EXCERPTED RECORDS:
++++++++++

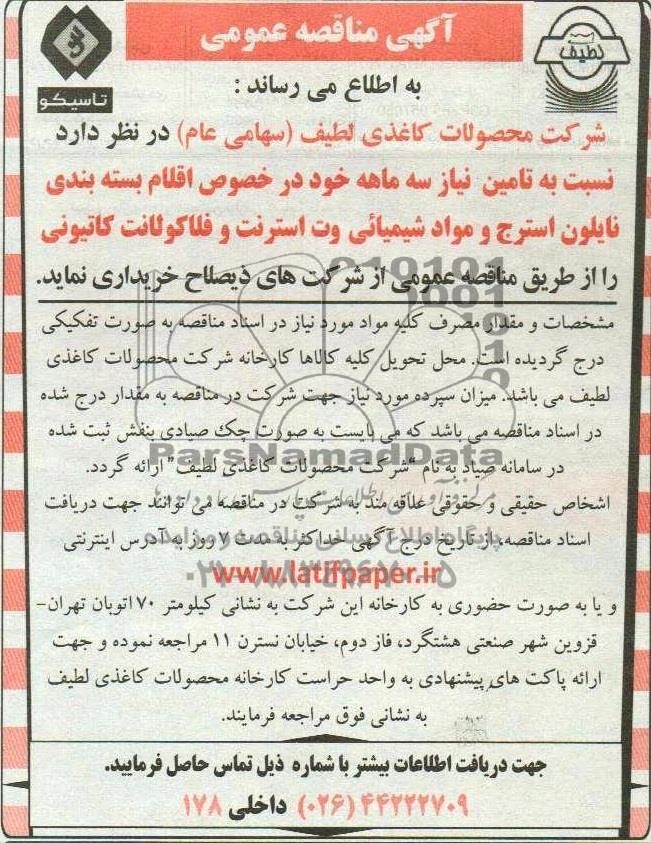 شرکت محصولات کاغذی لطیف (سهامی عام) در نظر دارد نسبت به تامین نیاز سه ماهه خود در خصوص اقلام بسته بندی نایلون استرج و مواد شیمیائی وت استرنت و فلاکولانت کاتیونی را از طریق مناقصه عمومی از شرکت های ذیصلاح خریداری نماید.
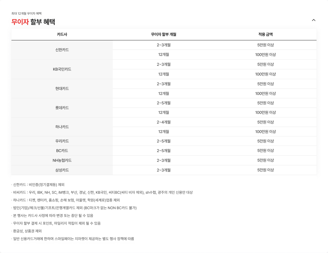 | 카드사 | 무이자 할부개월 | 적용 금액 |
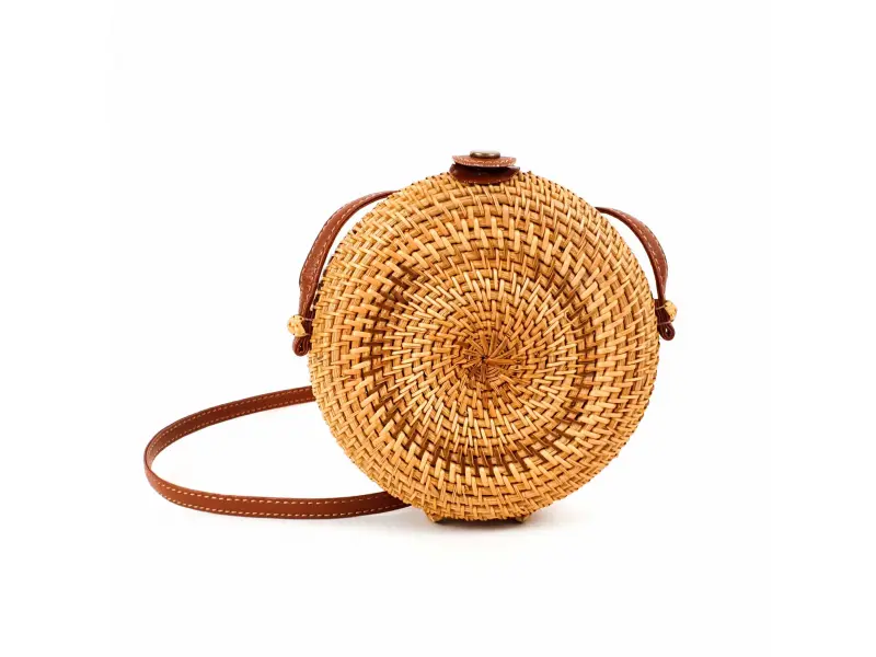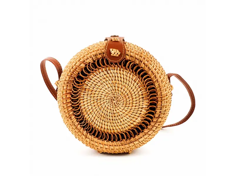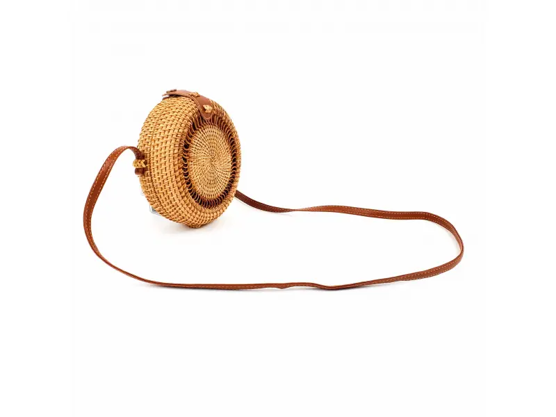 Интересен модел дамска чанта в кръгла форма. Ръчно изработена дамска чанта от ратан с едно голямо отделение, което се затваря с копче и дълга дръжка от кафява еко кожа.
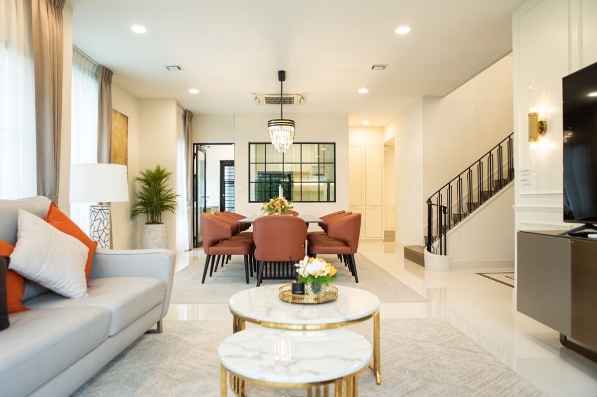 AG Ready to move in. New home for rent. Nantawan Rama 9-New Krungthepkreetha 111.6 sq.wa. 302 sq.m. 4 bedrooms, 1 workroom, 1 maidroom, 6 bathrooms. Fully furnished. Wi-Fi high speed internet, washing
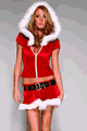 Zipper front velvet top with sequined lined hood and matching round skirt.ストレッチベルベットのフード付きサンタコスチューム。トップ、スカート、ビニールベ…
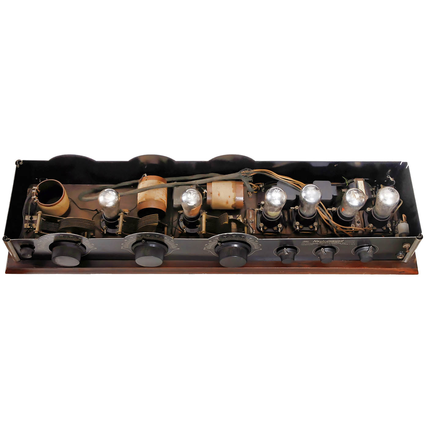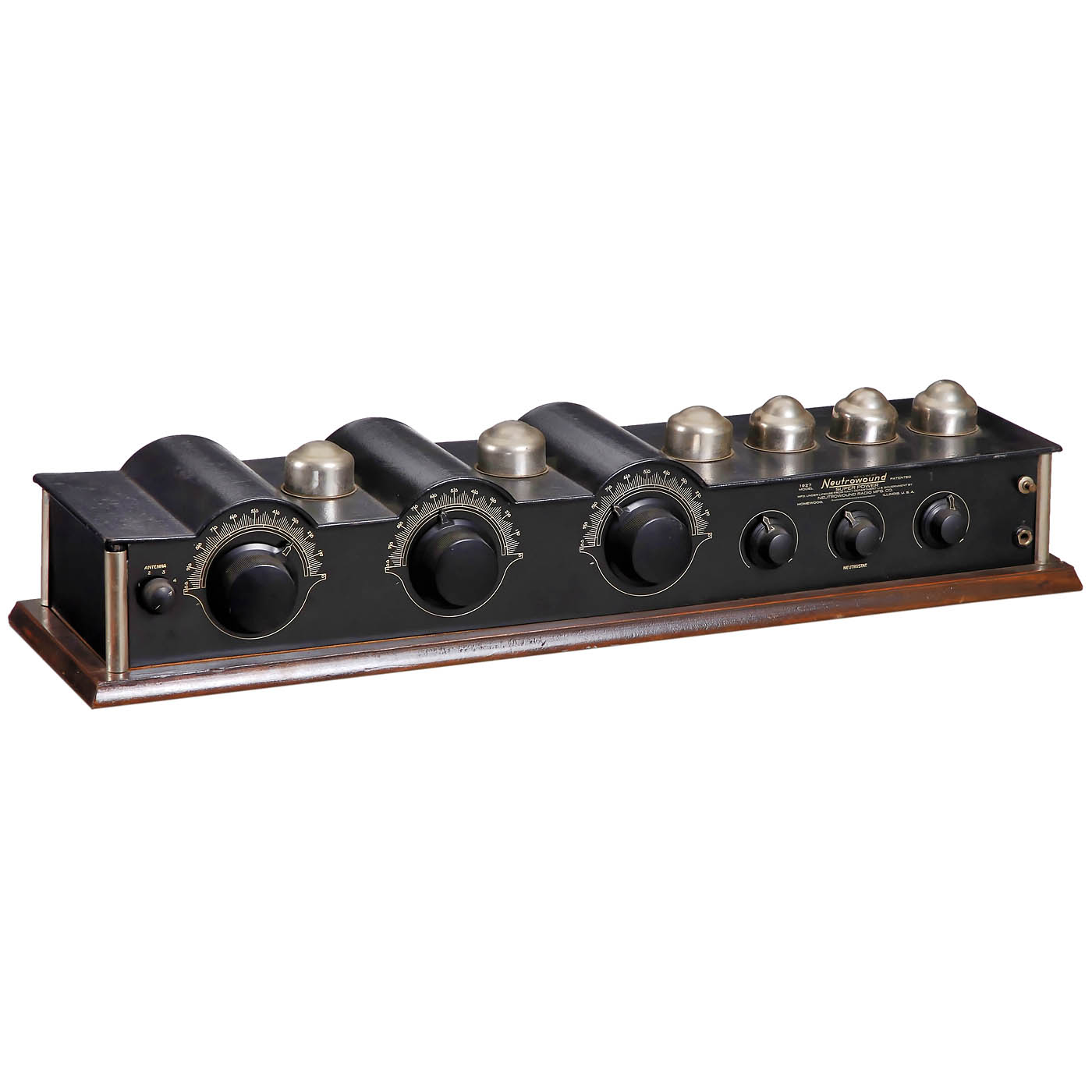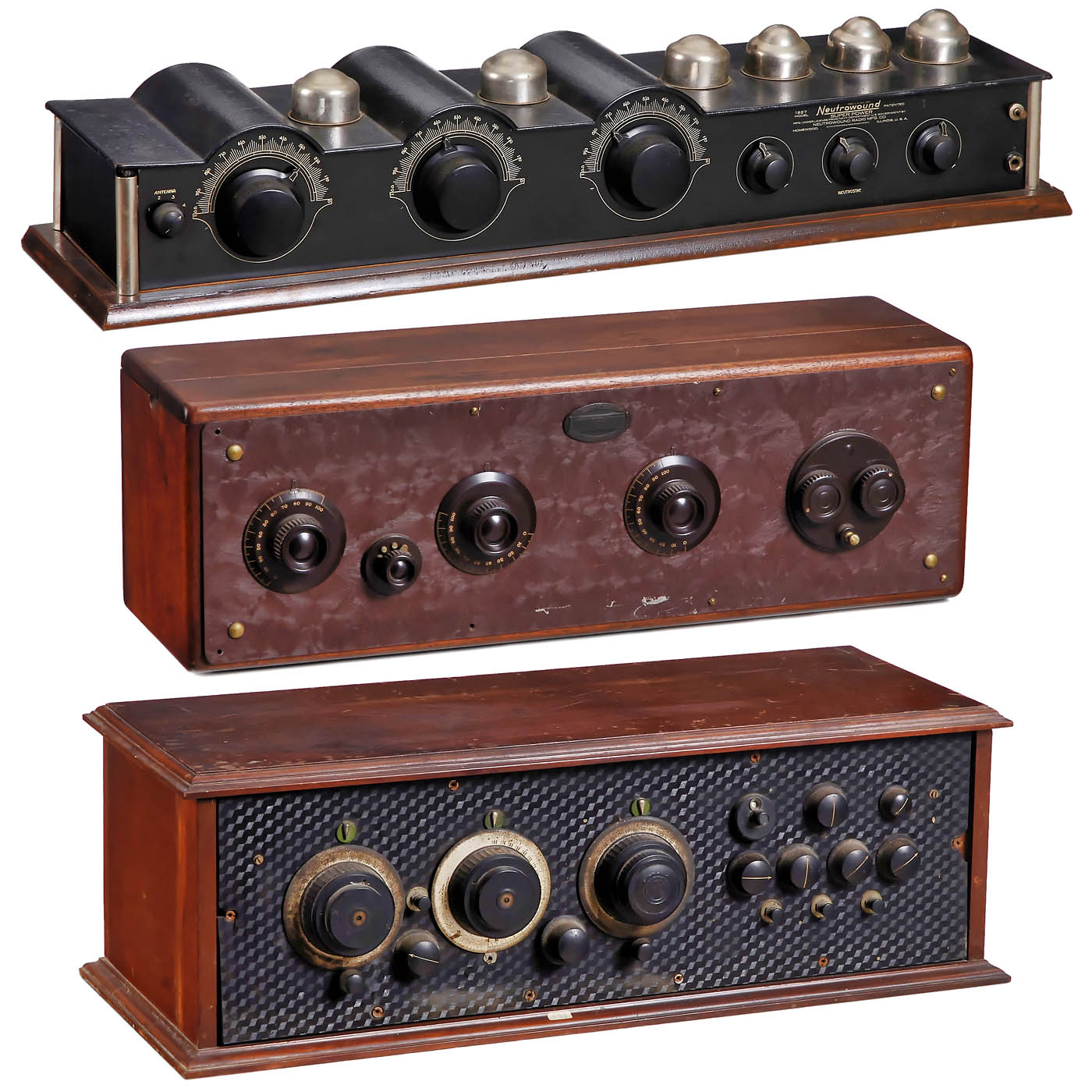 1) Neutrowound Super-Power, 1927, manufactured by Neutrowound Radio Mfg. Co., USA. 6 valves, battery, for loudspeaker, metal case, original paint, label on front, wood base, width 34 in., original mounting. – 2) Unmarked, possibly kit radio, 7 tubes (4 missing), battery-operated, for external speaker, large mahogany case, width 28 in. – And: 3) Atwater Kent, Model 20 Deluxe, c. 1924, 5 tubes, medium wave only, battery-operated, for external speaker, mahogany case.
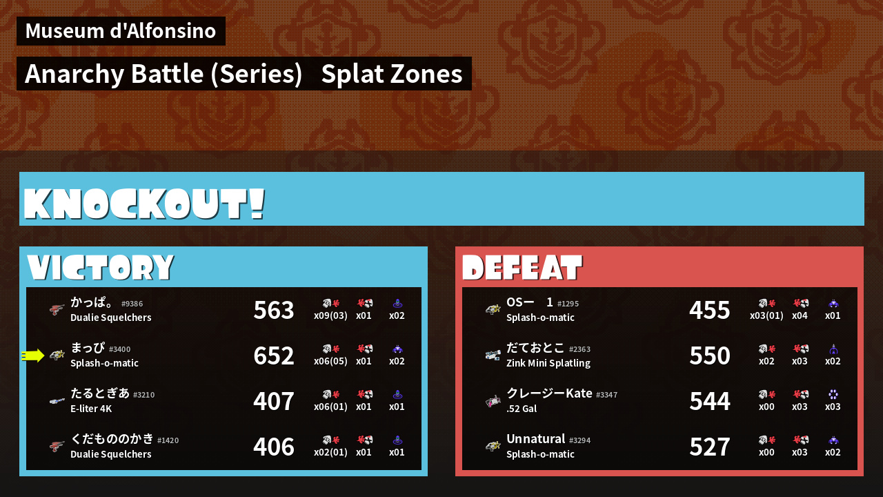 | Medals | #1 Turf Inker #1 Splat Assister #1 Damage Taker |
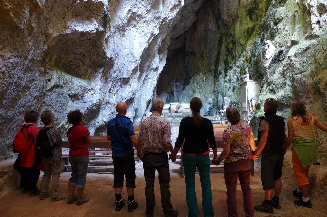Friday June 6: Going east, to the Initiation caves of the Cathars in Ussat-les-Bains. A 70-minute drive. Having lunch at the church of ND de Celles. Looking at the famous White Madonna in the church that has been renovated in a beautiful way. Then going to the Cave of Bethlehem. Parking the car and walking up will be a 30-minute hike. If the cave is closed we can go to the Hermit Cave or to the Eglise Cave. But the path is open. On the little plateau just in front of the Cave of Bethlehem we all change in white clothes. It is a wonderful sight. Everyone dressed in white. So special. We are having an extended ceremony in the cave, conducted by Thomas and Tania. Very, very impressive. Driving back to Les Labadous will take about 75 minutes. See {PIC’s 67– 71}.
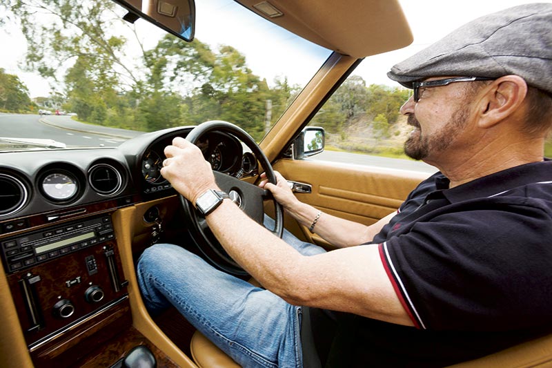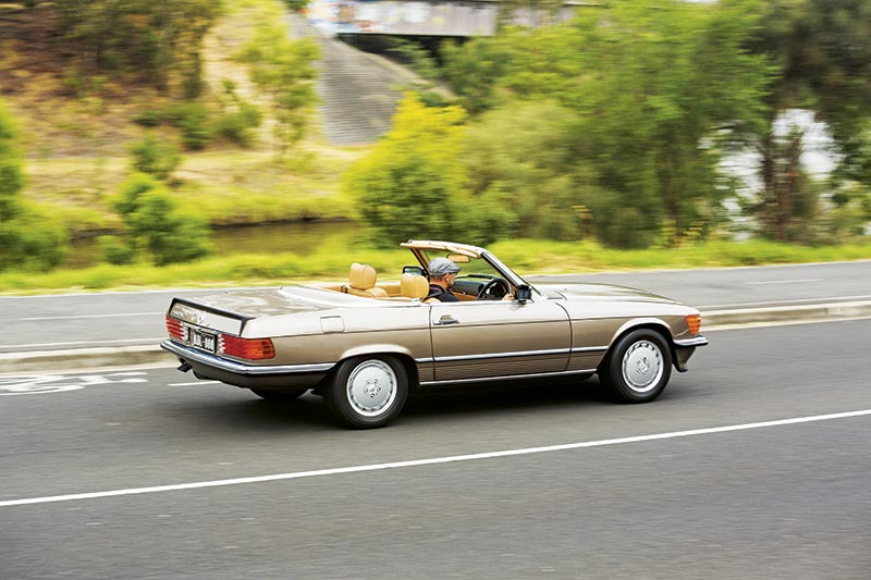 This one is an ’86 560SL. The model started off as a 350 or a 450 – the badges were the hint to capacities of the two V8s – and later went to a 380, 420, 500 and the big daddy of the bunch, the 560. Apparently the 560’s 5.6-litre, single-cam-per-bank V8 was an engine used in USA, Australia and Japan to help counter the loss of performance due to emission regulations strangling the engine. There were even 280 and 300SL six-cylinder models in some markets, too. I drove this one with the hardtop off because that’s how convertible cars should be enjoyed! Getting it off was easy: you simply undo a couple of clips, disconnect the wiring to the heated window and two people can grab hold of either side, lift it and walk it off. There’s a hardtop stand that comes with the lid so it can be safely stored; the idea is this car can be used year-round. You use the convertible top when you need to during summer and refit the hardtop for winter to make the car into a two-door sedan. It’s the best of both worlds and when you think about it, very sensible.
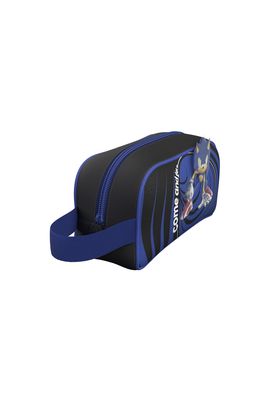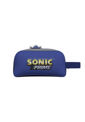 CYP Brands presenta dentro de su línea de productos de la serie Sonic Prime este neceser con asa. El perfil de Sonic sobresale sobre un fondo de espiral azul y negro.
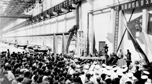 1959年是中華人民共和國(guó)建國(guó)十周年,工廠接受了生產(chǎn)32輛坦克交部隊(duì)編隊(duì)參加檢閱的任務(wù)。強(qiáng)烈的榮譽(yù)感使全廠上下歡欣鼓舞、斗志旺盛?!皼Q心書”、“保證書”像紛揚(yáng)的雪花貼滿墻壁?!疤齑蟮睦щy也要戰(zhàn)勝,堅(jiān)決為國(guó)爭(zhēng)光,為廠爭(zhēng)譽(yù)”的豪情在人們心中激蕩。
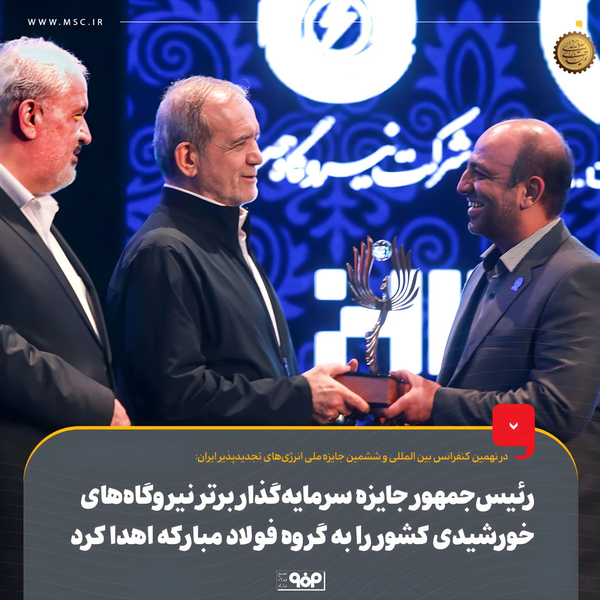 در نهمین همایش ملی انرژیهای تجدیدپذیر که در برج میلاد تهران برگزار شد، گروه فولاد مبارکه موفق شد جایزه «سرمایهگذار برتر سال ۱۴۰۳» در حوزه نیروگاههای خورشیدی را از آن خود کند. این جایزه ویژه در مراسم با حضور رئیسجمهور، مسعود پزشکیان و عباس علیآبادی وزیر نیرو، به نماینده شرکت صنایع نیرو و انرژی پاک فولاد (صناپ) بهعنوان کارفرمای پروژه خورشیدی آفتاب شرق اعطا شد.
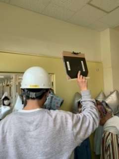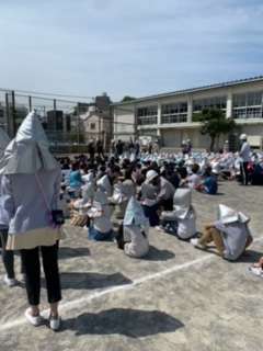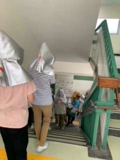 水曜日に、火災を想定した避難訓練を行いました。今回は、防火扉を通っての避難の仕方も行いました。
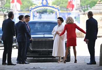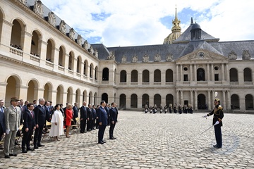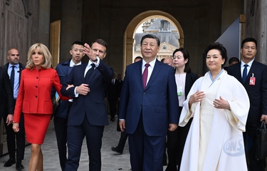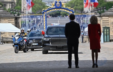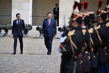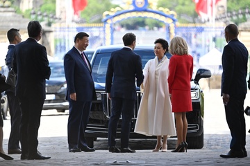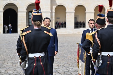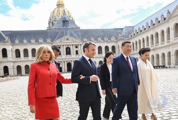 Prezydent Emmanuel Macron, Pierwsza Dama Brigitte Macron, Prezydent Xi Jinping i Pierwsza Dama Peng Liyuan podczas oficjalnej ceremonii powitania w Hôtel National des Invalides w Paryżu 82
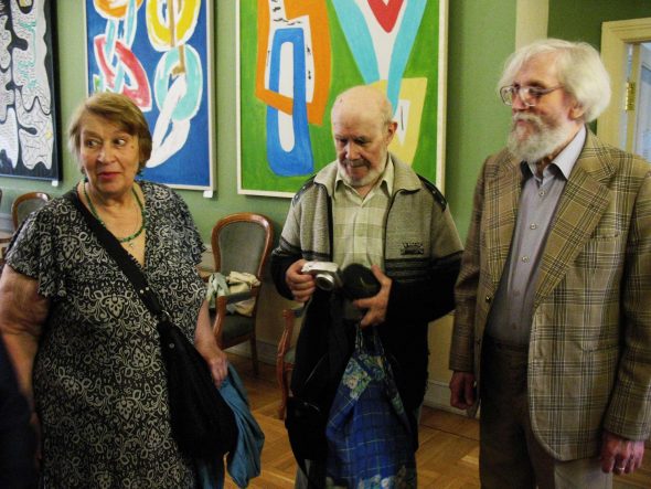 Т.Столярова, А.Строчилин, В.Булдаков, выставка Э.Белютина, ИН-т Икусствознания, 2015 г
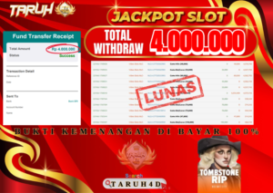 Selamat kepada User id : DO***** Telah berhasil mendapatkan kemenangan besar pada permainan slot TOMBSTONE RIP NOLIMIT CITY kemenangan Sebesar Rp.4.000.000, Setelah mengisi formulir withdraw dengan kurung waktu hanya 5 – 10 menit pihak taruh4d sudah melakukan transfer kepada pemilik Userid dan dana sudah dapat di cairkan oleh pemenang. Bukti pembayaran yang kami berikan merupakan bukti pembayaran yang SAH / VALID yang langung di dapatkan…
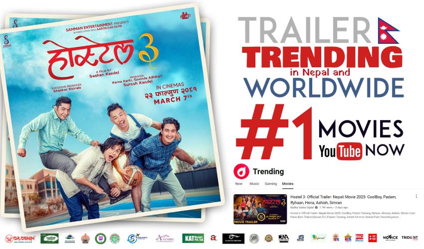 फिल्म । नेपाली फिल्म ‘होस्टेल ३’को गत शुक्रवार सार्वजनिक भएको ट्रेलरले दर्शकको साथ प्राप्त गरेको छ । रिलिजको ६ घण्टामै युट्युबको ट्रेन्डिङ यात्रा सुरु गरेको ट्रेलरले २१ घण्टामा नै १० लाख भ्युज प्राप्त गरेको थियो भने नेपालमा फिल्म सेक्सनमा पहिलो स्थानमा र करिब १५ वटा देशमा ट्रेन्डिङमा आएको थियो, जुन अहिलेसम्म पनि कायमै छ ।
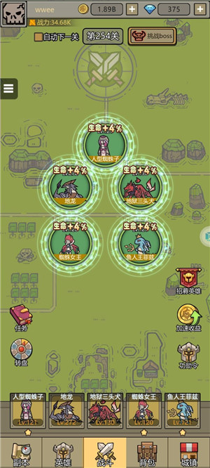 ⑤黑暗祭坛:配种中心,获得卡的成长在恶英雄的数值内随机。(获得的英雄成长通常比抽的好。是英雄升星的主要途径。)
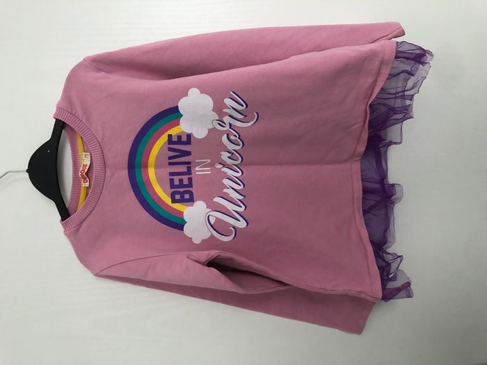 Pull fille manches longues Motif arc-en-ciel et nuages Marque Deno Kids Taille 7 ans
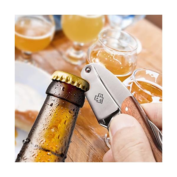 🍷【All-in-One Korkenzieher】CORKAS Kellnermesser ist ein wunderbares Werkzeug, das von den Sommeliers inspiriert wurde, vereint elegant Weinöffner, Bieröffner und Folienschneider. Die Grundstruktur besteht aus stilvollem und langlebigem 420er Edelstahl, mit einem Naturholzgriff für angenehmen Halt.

++++++++++

The response must repeat exactly the lines above from the one with "Damage Taker |" through the one with "Friday June 6: Going", including both, and must contain no pictures and no other text.

RESULT OF THIS EXERCISE:
 | Medals | #1 Turf Inker #1 Splat Assister #1 Damage Taker |
Friday June 6: Going east, to the Initiation caves of the Cathars in Ussat-les-Bains. A 70-minute drive. Having lunch at the church of ND de Celles. Looking at the famous White Madonna in the church that has been renovated in a beautiful way. Then going to the Cave of Bethlehem. Parking the car and walking up will be a 30-minute hike. If the cave is closed we can go to the Hermit Cave or to the Eglise Cave. But the path is open. On the little plateau just in front of the Cave of Bethlehem we all change in white clothes. It is a wonderful sight. Everyone dressed in white. So special. We are having an extended ceremony in the cave, conducted by Thomas and Tania. Very, very impressive. Driving back to Les Labadous will take about 75 minutes. See {PIC’s 67– 71}.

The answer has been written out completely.